Gaining Real-Time IoT Insights using Azure Stream Analytics, Azure ML, and Power BI
Presented by Bryan Hollar et al. Azure Steam Analytics was just released to GA 2 weeks ago and this is the first I’ve gotten to see it in action. After seeing case studies from Fujitsu and the Kinect team, ASA implementation was mapped out for us. The shift is from thinking about reporting on data at rest, to data in motion. For example, we could analyze how many twitter users switched sentiment on a topic within a minute in the last ten minutes. SAQL (Stream Analytics Query Language), makes this easy by being a flavor of SQL mixed with temporal extensions. You’re analyzing within a time window, and these windows could be tumbling, hopping, or sliding depending on how you’ve set up your queries. For example:
SELECT Topic, COUNT(*) AS TotalTweets
FROM TwitterStream TIMESTAMP BY CreatedAt
GROUP BY Topic, HoppingWindow(second,10,5)

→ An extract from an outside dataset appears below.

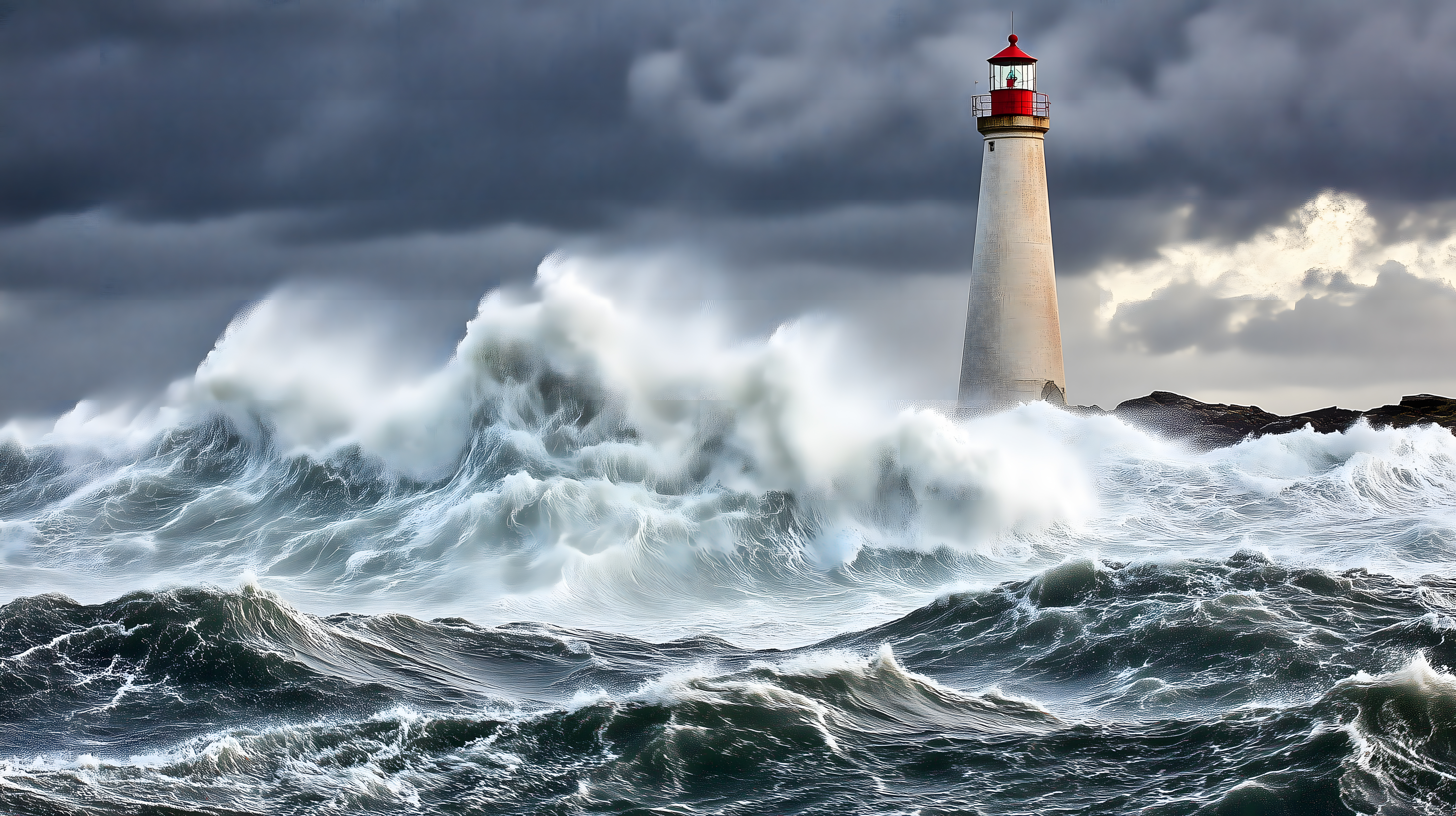 Dieses beeindruckende Foto zeigt eine stürmische Szenerie an der Küste. Im Vordergrund sind gewaltige, schäumende Wellen zu sehen, die sich an den Felsen brechen. Im Hintergrund ragt ein einsamer Leuchtturm in die Höhe, umgeben von dramatischen, dunklen Wolken. Die Komposition und die Farbgebung verleihen dem Bild eine bedrohliche und majestätische Atmosphäre. Es ist eine kraftvolle Darstellung der Naturgewalt und könnte hervorragend in Blogs, Newslettern oder Werbekampagnen eingesetzt werden, die ein emotionales, dramatisches Motiv benötigen. Dieses hochauflösende, kostenlose Stockfoto steht unter einer Creative-Commons-Lizenz zur Verfügung.

With Azure Stream Analytics, your data flow pipeline is set to pull from existing event hubs, analyze, and persist (or display) its results. The processed data doesn’t even need to be persisted to be reported on. ASA basically exists in the same place in the data flow pipeline as ML. But where ML would take the “cold path” of analyzing large sets of data at rest, ASA is analyzing the data as it streams. Though now, for a brief preview, ML is integrated into ASA. I’m told you’ll be able to sign up for this preview at the ASA team blog:
As far as integrating the Internet of Things, it’s basically a matter of configuring your event hub in your data pipeline. So, there’s not much difference pulling from twitter or the Internet of Things. You can then configure your output to be PowerBI (also in preview) for a real-time dashboard. The most impressive IoT and ASA example was by Fujitsu who showed an impressive app that geo-mapped energy consumption data and could zero in on spikes right down to an area of a building in real time. Though, now that I think about it, they may be tied with pedometer analysis to tell when your cows were in heat. And now I finally know why they call it a “Heat Map”.
Building Big Data Applications Using Azure HDInsight Service
Presented by Asad Khan. The final session of my day was a tour-de-force of Big Data in Azure. It was four one-hour sessions compressed to one and it was a doozy. Started with 30 seconds of the basics of big data: caring about volume, velocity, variety, and variability of data. They mentioned how Apache Hadoop is an Open Source platform for large amounts of unstructured data, but how the managed infrastructure of Azure makes HDInsight an enticing implementation. They covered HBase for NoSQL, and taught us how to use Storm for streams of data, by showing us how to build spouts for twitter and bolts for Signal R to display data on the web in real time. It was an ambitious session, but pulled off very well.
I’m just now realizing that of everything I’ve mentioned, Big Data with HDInsight is the old man at the ripe old age of a year and a half. Speaks volumes to how much Microsoft is invested in growing its cloud data offerings. Can’t wait to see what’s next!